La calle tercera permanecía intransitable por la disposición de bultos de tierra sobre el camino. Una máquina excavadora descansaba con las intermitentes rojas encendidas, y con brazo en alto, en la cuesta que daba a la explanada. Era imposible que un auto, debido a aquella condición, peligrara nuestro juego. Pasamos la tarde dando piruetas desde la parte alta, hasta llegar abajo, brincando entre los surcos de tierra, inconscientes del envidiable momento. Faltando pocas horas para que el sol se ocultara, Francisco decidió encender los mecheros fabricados con latas de diésel y un trapo, colocados sobre los bultos, para que los carros tuvieran cuidado al conducir de noche. Terminamos cansados de tanto alboroto, éramos cuatro los traviesos: Francisco, Rosario, Tomás y Eusiquio.

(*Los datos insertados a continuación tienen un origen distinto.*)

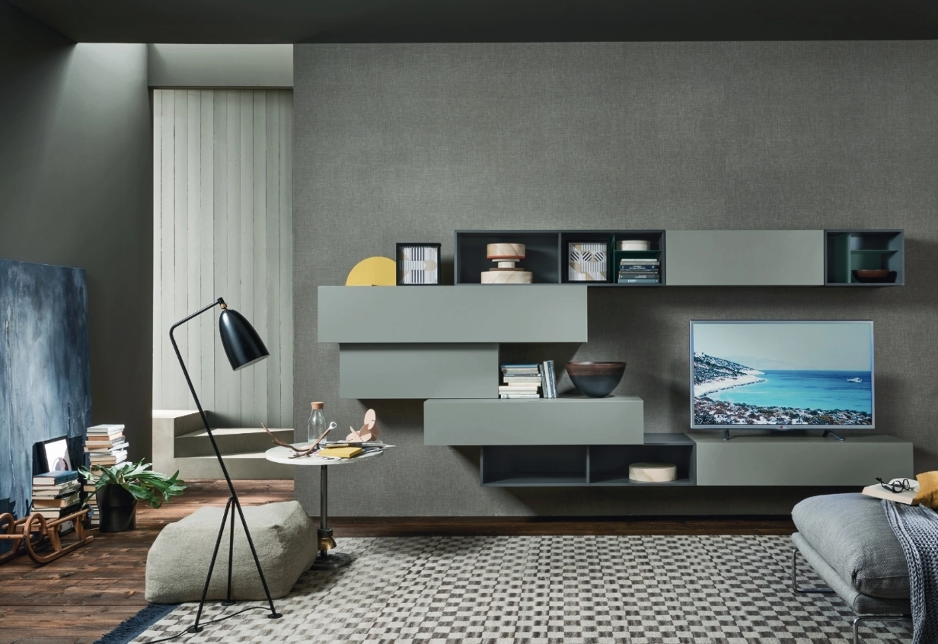 Attraverso un gioco pratico e operativo di incastri, sovrapposizioni, accessori a giorno o vani chiusi, le Pareti Attrezzate moderne arredano il soggiorno usufruendo al meglio di ogni spazio. Negli ultimi anni le Pareti Attrezzate hanno acquisito un posto fondamentale in fatto di Arredamento Casa: sono arredi multifunzionali e salvaspazio sempre realizzabili su misura per te. Per informazioni e preventivi sulla Parete Attrezzata Lampo L6C08 di Sangiacomo nella fotografia contattaci! Il modello visibile in foto è realizzato in laccato opaco ma grazie ad una grande varietà di finiture, tonalità e conformazioni potrà adattarsi a spazi di ogni genere. Questa parete attrezzata è una delle più originali soluzioni del brand e ti permetterà di ammobiliare il living secondo le più personali esigenze abitative.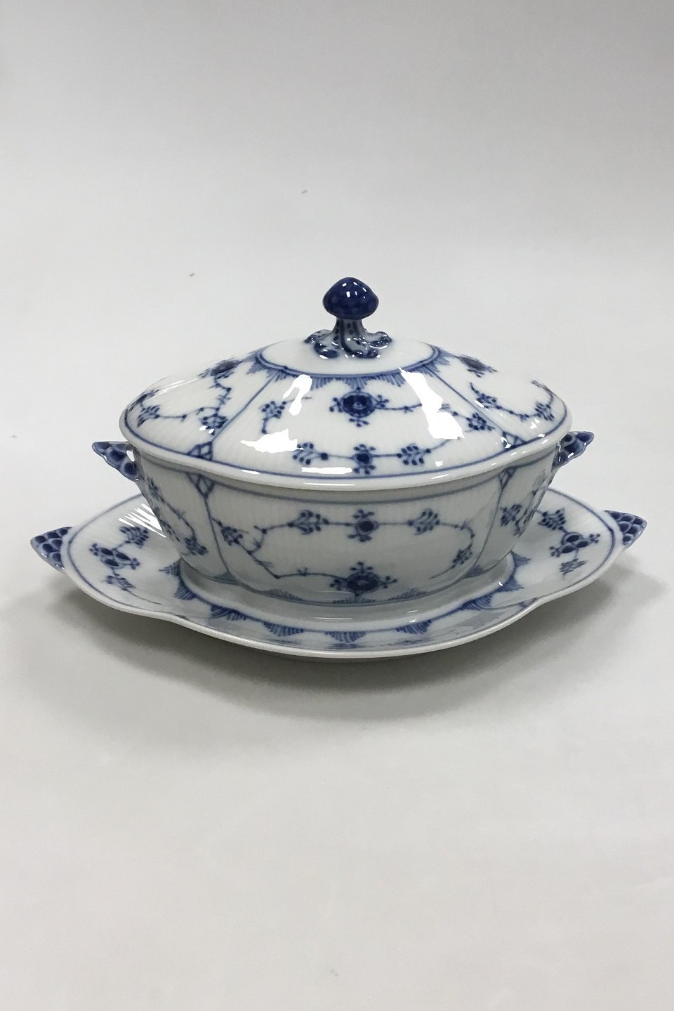 Royal Copenhagen Blue Fluted Sauce Boat with Lid No. 207. 1st Quality. Measures 23.5 cm / 9 1/4 in.

De regreso a nuestras casas un carro de un gringo se detuvo a un costado de Rosario; los tres restantes nos pusimos a la defensiva. A pesar de que se nos otorgaba libertad callejera, sin supervisión adulta, sabíamos cuidarnos entre nosotros. Las instrucciones de nuestros padres eran precisas: No aceptar raite de ningún extraño. A Rosario, que era la única mujer del grupo, los americanos le dieron una bolsa que contenía: bolonia, mayonesa, mostaza, pan blanco, una lata de sardinas, barras de chocolate, carne endiablada, winis de tamaño pequeño, dos bolsas de botanas y verduras. ¿Dijiste sardinas?, preguntó Eusiquio, mirando al interior de la bolsa de papel que Rosario sostenía en brazos. Todos teníamos hambre y discutimos sobre si debíamos comer de los sobrantes, porque lo más sencillo y rápido, de todo ese manjar que nos llamaba, era hacer unos suculentos sándwiches, pero Eusiquio dijo que no.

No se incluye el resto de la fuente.